The theory was developed over the past 40 years to explain why distant parts of the universe look the same and have the same temperature, when they are too far apart to ever have been in contact. Inflation solves the problem because it means that far-flung regions of the universe would once have been connected. But the period of rapid expansion that hurled these regions apart is also thought to have also brought the universe to flatness with exquisite precision.
If the universe is closed, standard inflation is in trouble. And that means we lose our standard explanation for why the universe has the structure it has.
Once we assume that the universe is curved, the Planck data is essentially in disagreement with all other datasets. This all boils down to a real crisis for cosmology, as we say in our paper. For these reasons, cosmologists are cautious—and many of them prefer to attribute the results to a statistical fluke that will resolve when new data from future experiments are available.
Could we be wrong?
It is certainly possible that we turn out to be wrong. But there is one main reason, in our opinion, why this anomaly should not be merely discarded. In particle physics, a discovery should reach an accuracy of at least five "sigmas" to be accepted by the community. Here we are slightly above three sigmas, so we are clearly below this acceptance level. But while the standard model of particle physics is based on known and proven physics, the standard cosmological model is based on unknown physics.
At the moment, the physical evidence for the three pillars of cosmology—dark matter, dark energy (which causes the universe to expand at an accelerated rate) and inflation—comes solely from cosmology. Their existence can explain many astrophysical observations.
But they are not expected either in the standard model of particle physics that governs the universe on the smallest scales or in the theory of general relativity that operates on the large scales. Instead, these substances belong to the area of unknown physics.
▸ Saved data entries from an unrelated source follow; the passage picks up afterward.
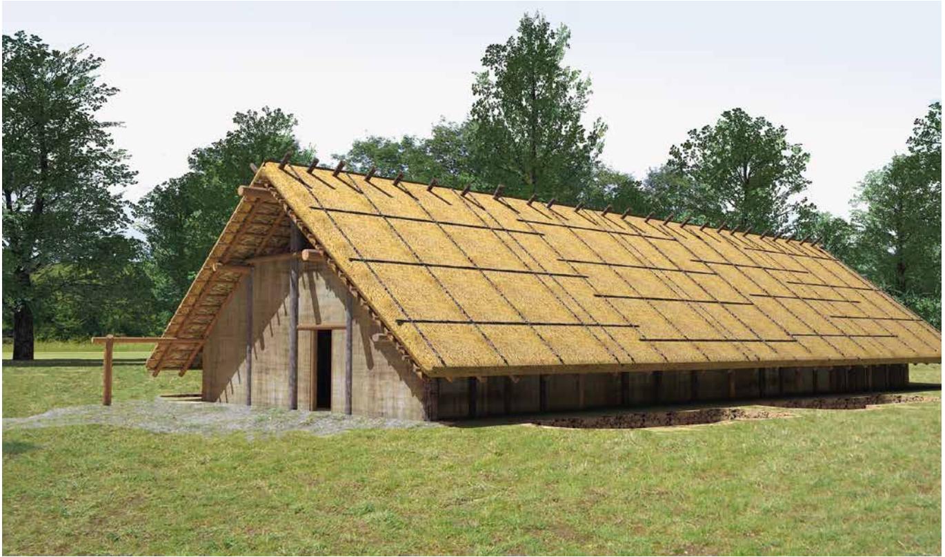
ABB. 3 Idealrekonstruktion eines bandkeramischen Langhauses (3D-Computerrekonstruktion: R. Seidel, Neustadt/Weinstr.).

nannten „Hüttenlehms“ auftritt. Brennt ein Gebäude ab oder liegt eine Feuerstelle nahe an der Hauswand, so verziegelt der Lehm, wird also sehr fest und bewahrt als Abdruck die Weidenruten und die Konstruktionsmerkmale des Wandaufbaus. Wie jedoch das Dach gedeckt war, ob es Fensterhöhlungen in den Wänden gab und wie viele Eingänge ein solches Langhaus hatte, bleibt Gegenstand unterschiedlicher Spekulationen, da wir keine Wanderhaltung im Ganzen kennen und auch vom Dach nie etwas die Jahrtausende überdauert hat. Dennoch kann man sich ein gutes Bild eines bandkeramischen Hauses anhand der uns zur Verfügung stehenden Informationen machen (Abb. 3).
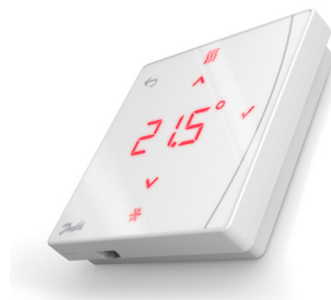
Danfoss Icon2™ Featured RT (IR sensor) 088U2122

Danfoss Icon2™ RT je rad bezdrôtových termostátov, ktorý umožňuje umiestniť termostát na ľubovoľné miesto bez obmedzení plynúcich z kabeláže v stene. Funkcia stmievania spolu s minimalistickým dizajnom, s hĺbkou len 16 mm, prepožičiava termostátu elegantný vzhľad a umožňuje mu splynúť s okolím.
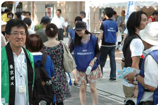
イベントで飲料水の配布をするサポーター
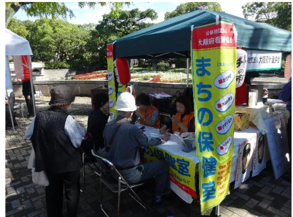
大阪府看護協会の健康相談コーナー
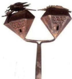
图3 银鎏金并头楼阁簪

中国古代的金银制造工艺经过宋元时期的高速发展,在明代达到了鼎盛。银匠们在制作金银首饰方面,无论是题材内容、表现手法还是工艺运用都达到了炉火纯青、出神入化的地步,风格也日趋多元化。其中明代楼阁人物簪钗的制作主要采用累丝、镶嵌、锤鍍、篆刻等工艺,并以掐丝、填丝、焊接等技法为辅助,楼台层叠,花草环绕,各色人物居其中,体现了银匠们娴熟的技艺和高超的水平。关于楼阁题材在金银簪钗上的应用最早见于浙江永嘉南宋窖藏中的唐代银鎏金并头楼阁簪(见图3 [1] ),其造型别致,是取楼阁之象而加以夸张、装饰和变形,与明代墓葬出土的簪钗类型风格迥异,且图案纹样和制作工艺略显单一。元代也多有镂空雕鎏的簪钗,如螭虎簪,钗上有花朵,下有口衔花叶的扭结双龙或双虎,略做雕琢,并不细致;又有荔枝簪、瓜头簪、如意簪等。株洲攸县丫江桥元代窖藏曾出土了1支金海水蛟龙纹如意簪(见图4 [1] ),簪首底为水花海浪,上面一对蛟龙相呼应,蛟龙尾上托火珠并朝同一方向排列,呈现出立体效果,该簪是利用锤鍍技术将两片金片打造成两个蛟龙的侧面,再将其焊接到一起形成一个整体。元代精妙的锤鍍工艺使得纹饰呈现出浮雕效果,但与明代用累丝、镶嵌工艺制成的立体簪钗相比缺少轻巧灵动性。
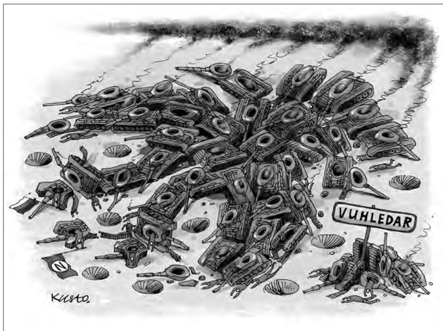
Танки російських окупантів під Вугледаром.
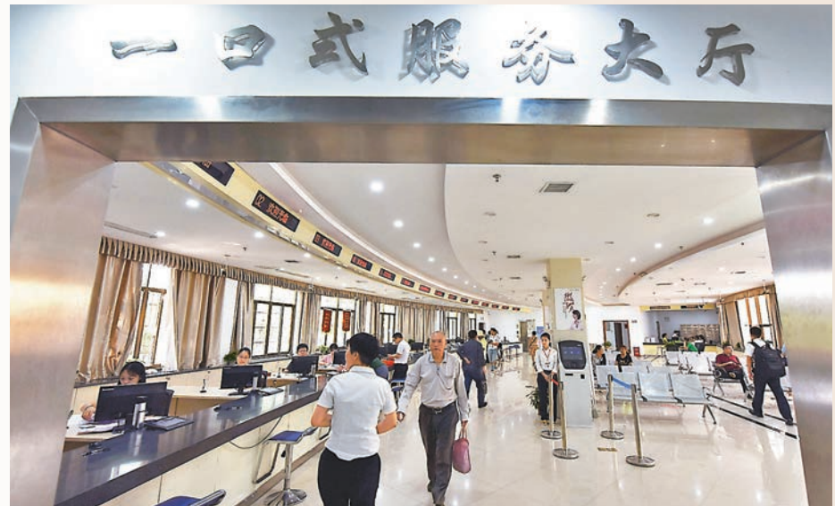
習近平強調，把有利於提升群眾獲得感的改革放在突出位置。圖為江西吉安吉州區行政審批實現全科服務、全程聯審、全網通辦。

要發揮好中央和地方兩個積極性，確保黨中央集中統一領導和國家制度統一、政令統一，中央和國家機關要做好對本行業本系統的指導和監督，地方在堅決貫徹黨中央決策部署的同時，要發揮主觀能動性，結合地方實際創造性開展工作。要推進相關配套改革，按照加快推進政事分開、事企分開、管辦分離的原則，深化事業單位改革，着力加強綜合行政執法隊伍建設，強化基層社會管理和公共服務職能，完善機構改革配套政策。要推進機構編制法定化，依法管理各類組織機構，繼續從嚴從緊控制機構編制。要增強幹事創業敢擔當的本領，準確把握新機
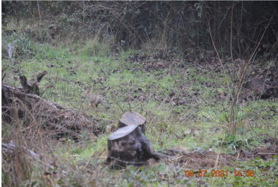
Registro Fotográfico N°2. Corta de árboles nativos.
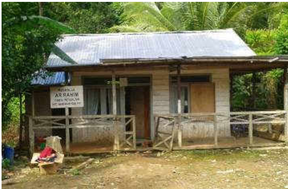
Gambar 4 Lokasi penelitian, tempat ibadah (langgar ar-Rahim) yang dijadikan sebagai tempat belajar ( Basecamp ) bagi mualaf di pegunungan Meratus
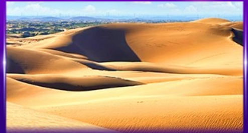
ทะเลทรายอินเคินทาลา
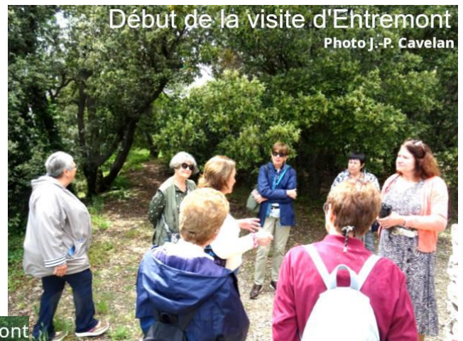
Début de la visite d'Entremont
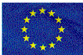
Unione Europea Fondo Sociale Europeo
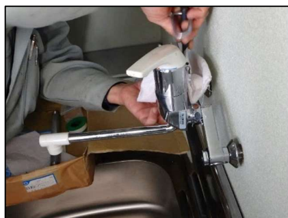
給排水設備工事 (器具取付け)
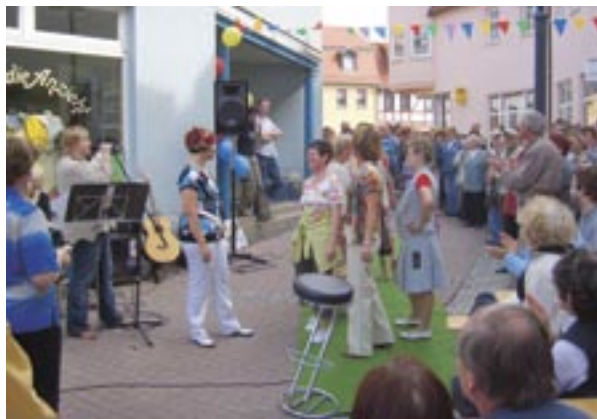
Das Frühlingsfest in Blankenhain lockt am 26. April.

26.04.2008, 10-18 Uhr Das Frühlingsfest in der Innenstadt entlang der Sophienstraße und -passage hat noch eine junge Tradition. Für die Kinder
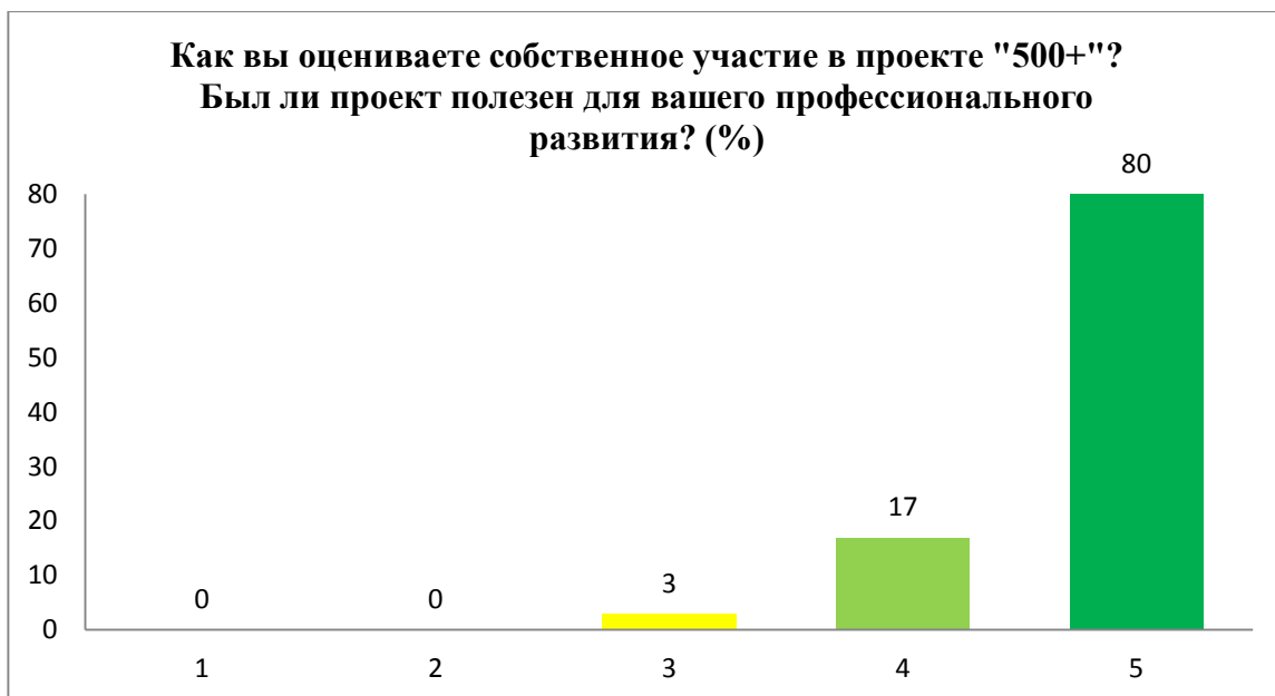
Рисунок 4. Оценка пользы участия в проекте «500+» кураторов школ для собственного профессионального развития (пятибалльная шкала: 1 балл – совершенно бесполезен; 5 баллов – максимально полезен)

Практически единогласно директора школ считают востребованным продолжение реализации намеченных антирисковых целей и задач по проекту, при этом: 3 % школ вернулись к той концепции, которая была до участия в проекте, 5% школ функционирует без концепции – новая концепция находится на стадии разработки, 19 % – оставили план развития в первоначальной редакции без изменений; 73 % управленцев – внесли коррективы в действующие Концепции развития исходя из новых потребностей.
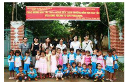
Hoa Tan Preschool (ベトナム)

※2013年10月に訪問 のぼりに“Welcome ABeam”と書かれています
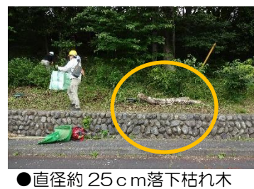
●直径約 25cm 落下枯れ木
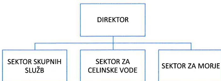
Slika 1: Organigram Inštituta za vode republike Slovenije

Za izvajanje registriranih dejavnosti je inštitut po veljavnem statutu organiziran v organizacijske enote:
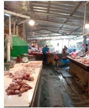
Gambar 4.3 Meja penjual ikan dan ayam di Pasar Bantar Gebang

Ada banyak barang yang di jual di Pasar dan diantaranya adalah ikan, daging dan ayam. Dimana ketika pengunjung yang membeli pastiharus menunggu sangat lama dan ada kegiatan memotong yang dimana alas meja harus kokoh dan area dagang juga harus bisa memperlihatkan bahwa barang yang di jual terlihat fresh dan bersih. Dinding dan lantai harus bisa mudah di cuci. Peraturan baru di Inggris mengharuskan pemasangan kaca dibagian depan toko. Alas meja kerja sebaiknya terbuat dari marmer, kaca atau keramik (Neufert, 196).
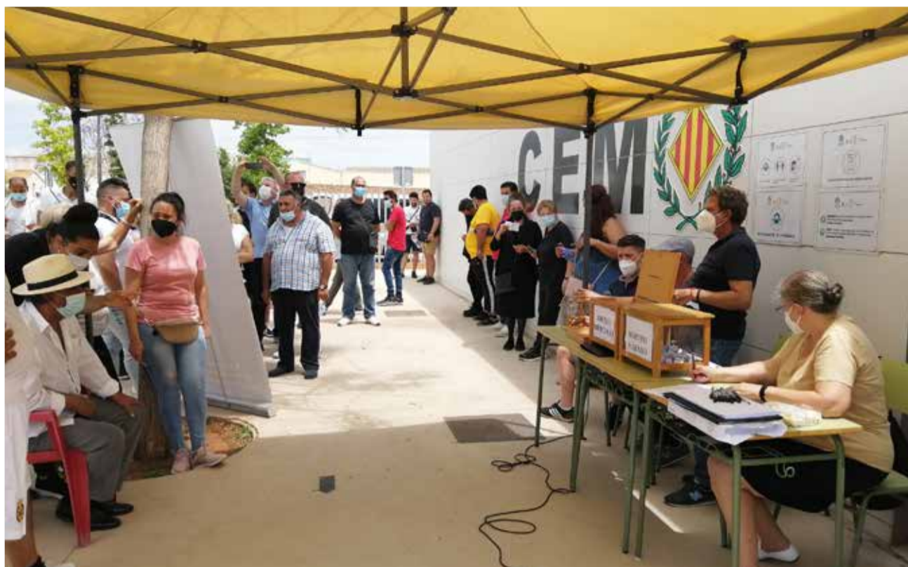
Sorteig al mercat.

En el cas del cap de setmana, el mig centenar de llocs de fruita i verdura recuperen la seua ubicació pre-covid a l'avinguda del Cardenal Tarancón, mentre que els 90 llocs de roba i comple-
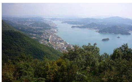
奥之院から尾道方面を眺める ⑤
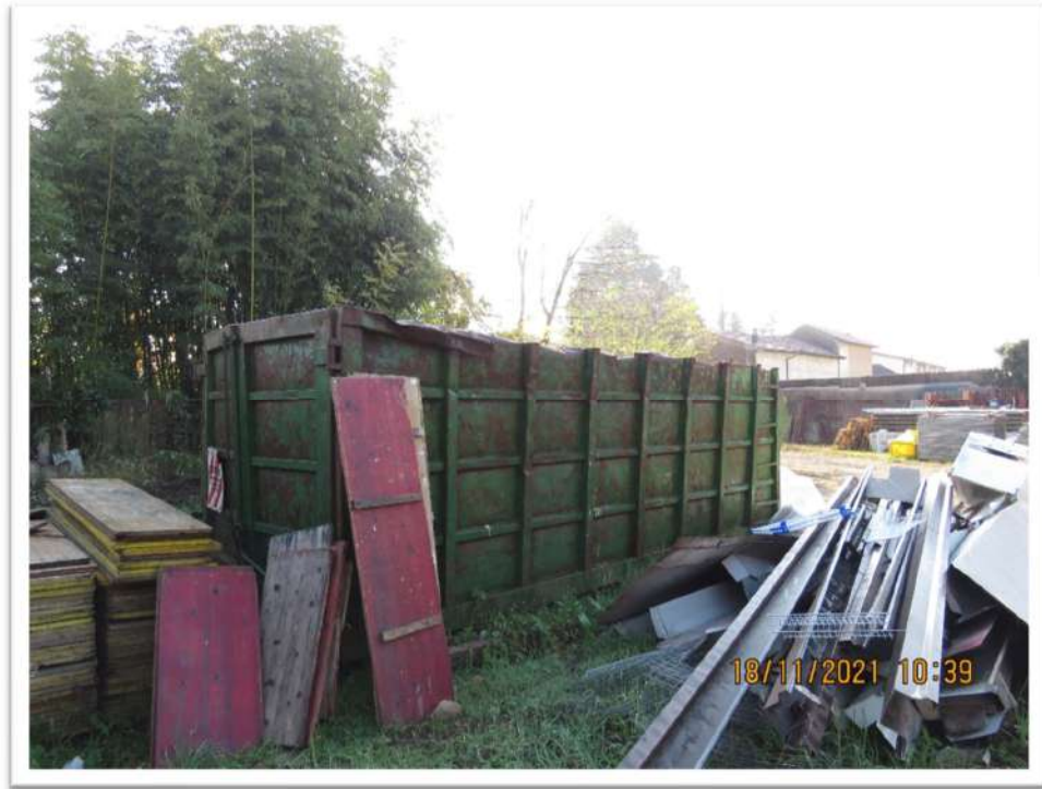
Depositi di materiali vari.
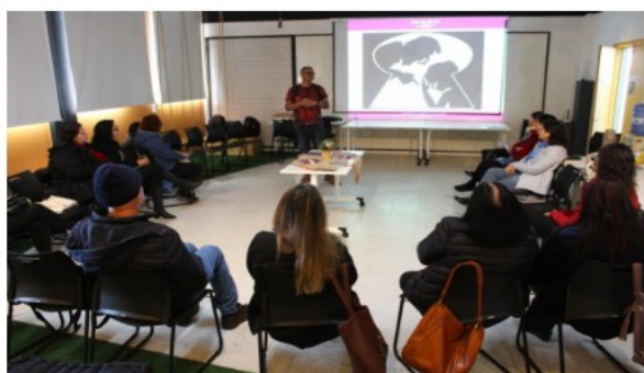
Oficina do projeto Nem tão Doce Lar
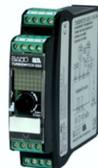
Auswerteeinheit TURBISWITCH GS5 (410-03), separat erhältlich

CE-Kennzeichen: Das Gerät erfüllt die gesetzlichen Anforderungen der zutreffenden EU-Richtlinien
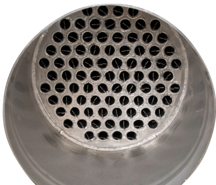
Échangeur de chaleur en inox avec chicane
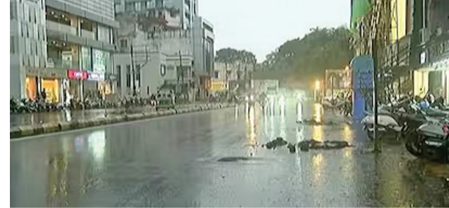
વહાવવાને લોકોને મુશ્કેલીનો સામનો કરવો પડ્યો હતો. રસ્તાઓ પર પાણી ફરી વળતા ટ્રાફિક ધીમો પડી ગયો હતો અને ઘણી જગ્યાએ વાહનોની લાંબી કતારો જોવા મળી હતી. વરસાદના કારણે દિવસ દરમિયાન સાંજ જેવું અંધારું છવાઈ ગયું હતું. ઓછી વિઝિબિલિટી જોવા

રાજકોટ, તા. ૩૧ વર્ષ ૨૦૨૫ ના છેલ્લા દિવસે એટલે કે ૩૧ ની પાર્ટી માટે લોકો થનગની રહ્યા હતા પરંતુ કુદરતને જાણે તે મંજૂર ના હોય તેમ કમોસમી વરસાદના પગલે આયોજકોના આયોજન પર પાણી ફરી વળ્યા અને લોકોએ પણ મન માંડી વાળ્યું તેવું જોવા મળ્યું હતું. ગઈકાલ બપોરથી જ વરસાદી માહોલ સર્જાયું હતો અને સાંજ પડતાની સાથે જ કમોસમી વરસાદ રાજકોટ સહિત અન્ય જિલ્લાઓમાં વરસ્યો હતો. કહી શકાય કે ભાર શિયાળામાં મેઘરાજાએ લોકોના
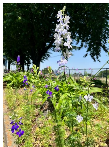
体育館前駐車場脇の千鳥草

新緑の美しい季節から、梅雨や夏の季節への変化を感じさせる時期となってきました。保護者の皆様、地域の皆様の本校教育活動へのご理解とご支援に感謝いたします。
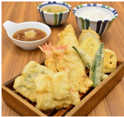
山の夏定食 1,100円 海老2尾、ハモ2尾、カレイ、ナス、レンコン、オクラ2個
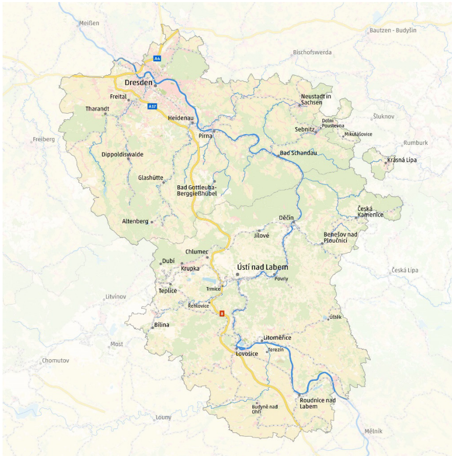
Gebiet der Euroregion Elbe/Labe

Nobody has ever seen either dark matter, dark energy or inflation—in the laboratory or elsewhere.
So while an anomaly in particle physics can be regarded as a hint that we may need to invent completely new physics, an anomaly in cosmology should be regarded as the only way we have to shed light on completely unknown physics.
Therefore, the most interesting result of our paper is not that the universe appears to be curved rather than flat, but the fact that it may force us to rearrange the pieces of the cosmic puzzle in a completely different way.